The “what” question is usually answered using some wait interface based method – like ASH or SQL*Trace, which both add plenty of extra details to the plain wait event data.
My normal session troubleshooting data collection sequence consists of only three steps:
- Interpret session-level top wait and top SQL data (ASH, SQL*Trace or custom tools sampling session-level V$views)
- Interpret session-level performance counter data (V$SESSTAT)
- Sample the problem process stack and list the top stack branches where execution spent the most time
Only looking into #1 is enough in 90% of problem cases. But for advanced troubleshooting of complex and exotic problems I regularly have to dive into the #2 – V$SESSTAT performance counters (That’s the reason why I wrote Snapper for example).
Maybe only once out of every 40-50 troubleshooting cases I dive down into #3 – process stack sampling.
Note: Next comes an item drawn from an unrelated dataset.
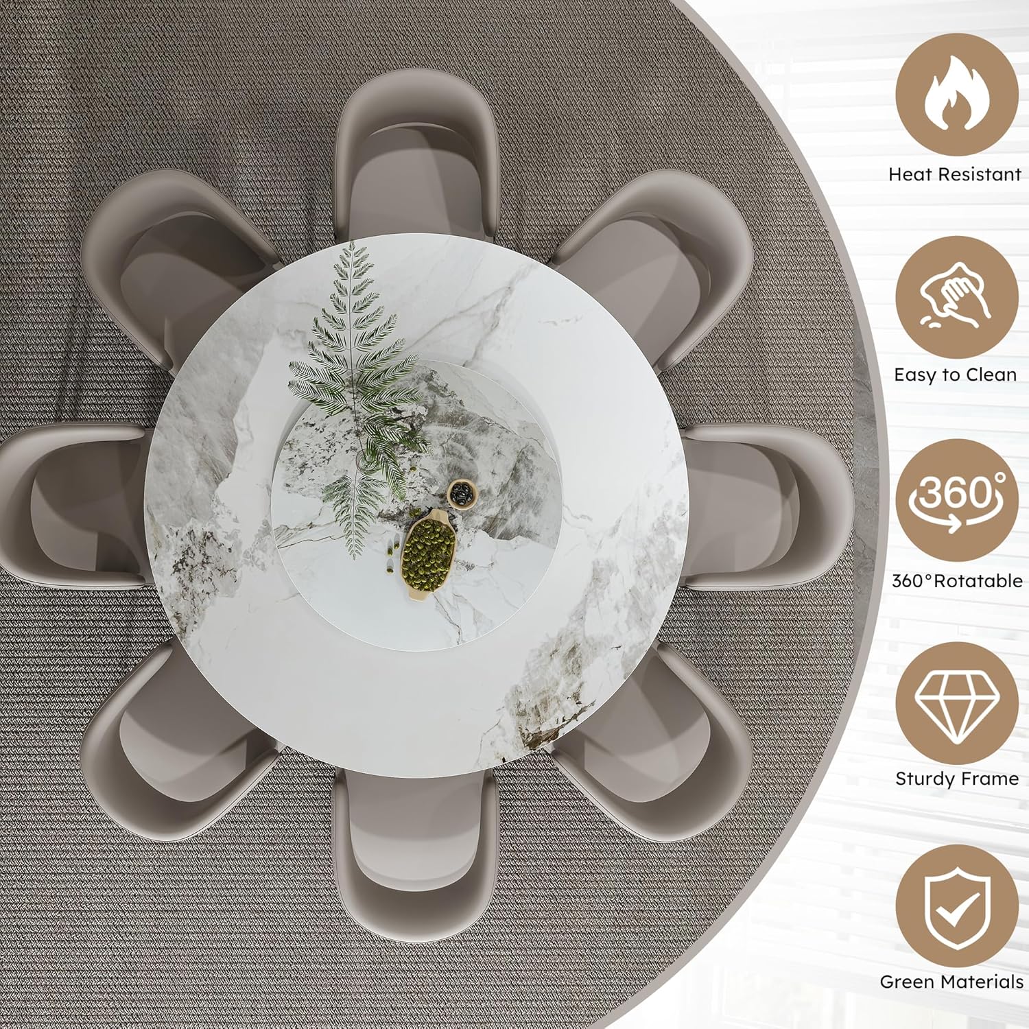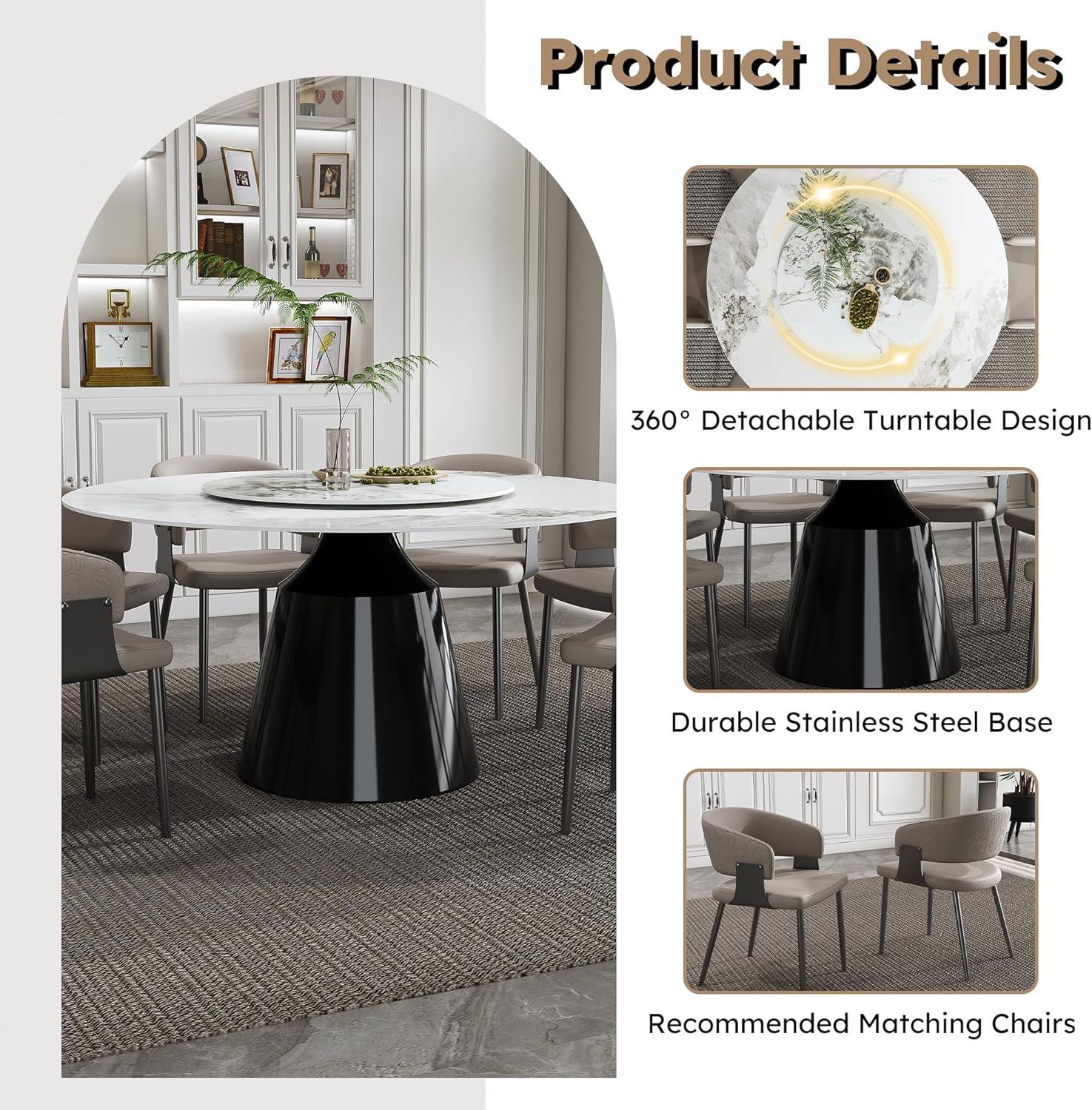- 【Round Dining Table】This dining table is 59 inches in size and 30 inches in height, made of sintered stone and stainless steel base, and is recommended for 6-8 people. The dining table with classic design can be used not only for kitchen dining, but also for living room, dining room, office, café, outdoor and other occasions

While process stack sampling doesn’t lie – it helps especially in these cases where the Oracle’s instrumentation itself doesn’t have a clue what a session/process is doing – it’s like a microscope. It gives you very detailed overview of one part of the problem, but not the big picture. That’s why I never start from #3 when troubleshooting (and if you do, you are doing it wrong – with an exception of a completely hung database ;) I always start from #1 and proceed to #2 only when needed.
Snapper lists both #1 and #2 data for a process by the way.
Anyway, the reason why I’m writing this post is that a few days ago I received a question about an issue which nicely illustrates a case where step #1 shows that there’s an issue and step #2 explains why it’s happening.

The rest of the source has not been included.